== Data shown ==
==========
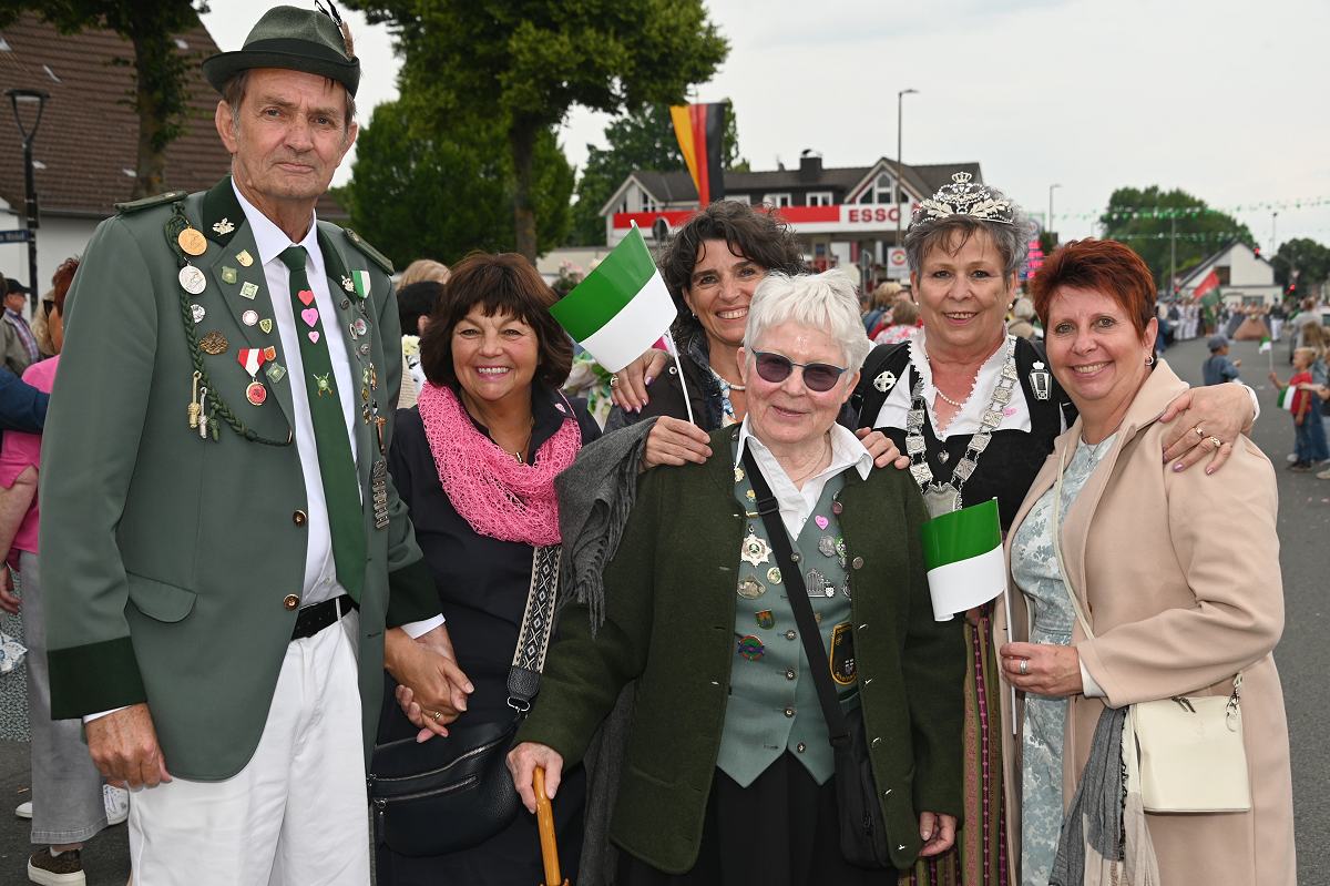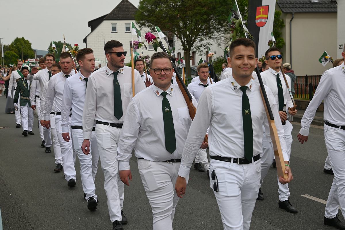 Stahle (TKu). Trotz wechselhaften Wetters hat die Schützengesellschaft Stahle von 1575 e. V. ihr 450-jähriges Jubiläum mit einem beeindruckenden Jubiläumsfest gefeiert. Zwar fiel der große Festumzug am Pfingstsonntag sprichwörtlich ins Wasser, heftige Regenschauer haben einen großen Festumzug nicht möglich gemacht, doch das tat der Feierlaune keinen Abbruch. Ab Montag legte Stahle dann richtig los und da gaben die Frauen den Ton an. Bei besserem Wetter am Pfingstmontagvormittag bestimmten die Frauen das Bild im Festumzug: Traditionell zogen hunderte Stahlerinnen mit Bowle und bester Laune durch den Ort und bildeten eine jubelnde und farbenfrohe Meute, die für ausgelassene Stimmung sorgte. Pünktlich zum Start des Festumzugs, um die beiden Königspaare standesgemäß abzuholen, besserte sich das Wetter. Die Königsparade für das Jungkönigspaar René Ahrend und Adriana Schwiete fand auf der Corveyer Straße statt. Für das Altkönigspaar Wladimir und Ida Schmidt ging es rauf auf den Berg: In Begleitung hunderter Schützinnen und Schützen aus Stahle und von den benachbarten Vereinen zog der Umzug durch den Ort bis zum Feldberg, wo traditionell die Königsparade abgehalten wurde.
==========
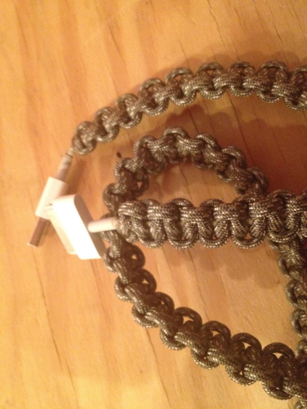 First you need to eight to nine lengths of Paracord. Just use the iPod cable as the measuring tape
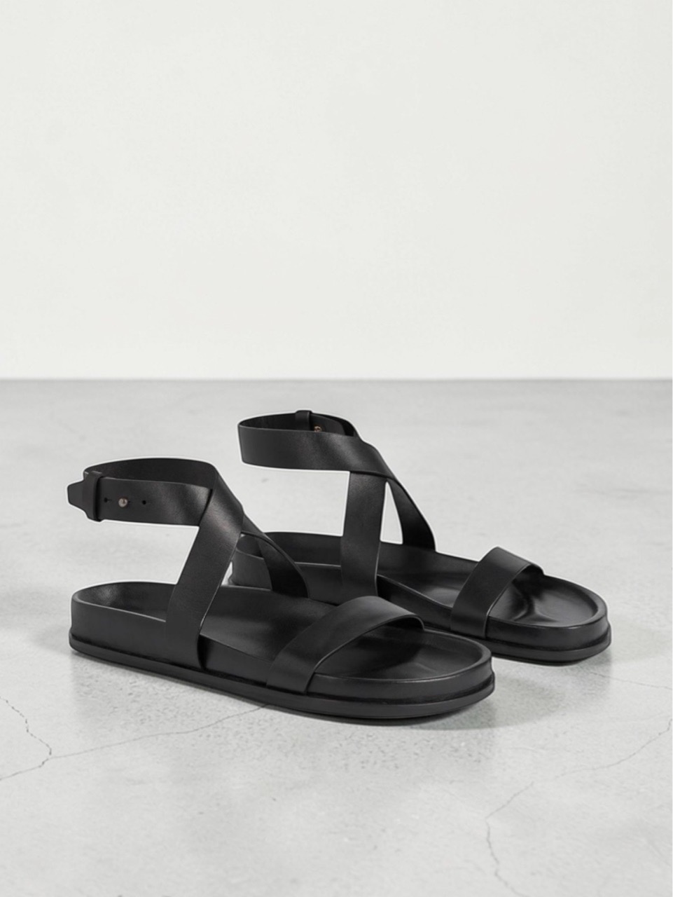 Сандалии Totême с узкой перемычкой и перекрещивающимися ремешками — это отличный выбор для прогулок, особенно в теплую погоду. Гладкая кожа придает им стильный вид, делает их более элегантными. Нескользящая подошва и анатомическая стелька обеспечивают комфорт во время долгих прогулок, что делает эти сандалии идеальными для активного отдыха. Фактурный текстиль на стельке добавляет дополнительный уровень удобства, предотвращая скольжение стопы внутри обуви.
==========
== Assignment ==
Starting at the line with "First you need" and finishing at the line with "Сандалии Totême с", copy the material above exactly, both lines included. Nothing else goes in, and no pictures.

== Result below ==
 First you need to eight to nine lengths of Paracord. Just use the iPod cable as the measuring tape
 Сандалии Totême с узкой перемычкой и перекрещивающимися ремешками — это отличный выбор для прогулок, особенно в теплую погоду. Гладкая кожа придает им стильный вид, делает их более элегантными. Нескользящая подошва и анатомическая стелька обеспечивают комфорт во время долгих прогулок, что делает эти сандалии идеальными для активного отдыха. Фактурный текстиль на стельке добавляет дополнительный уровень удобства, предотвращая скольжение стопы внутри обуви.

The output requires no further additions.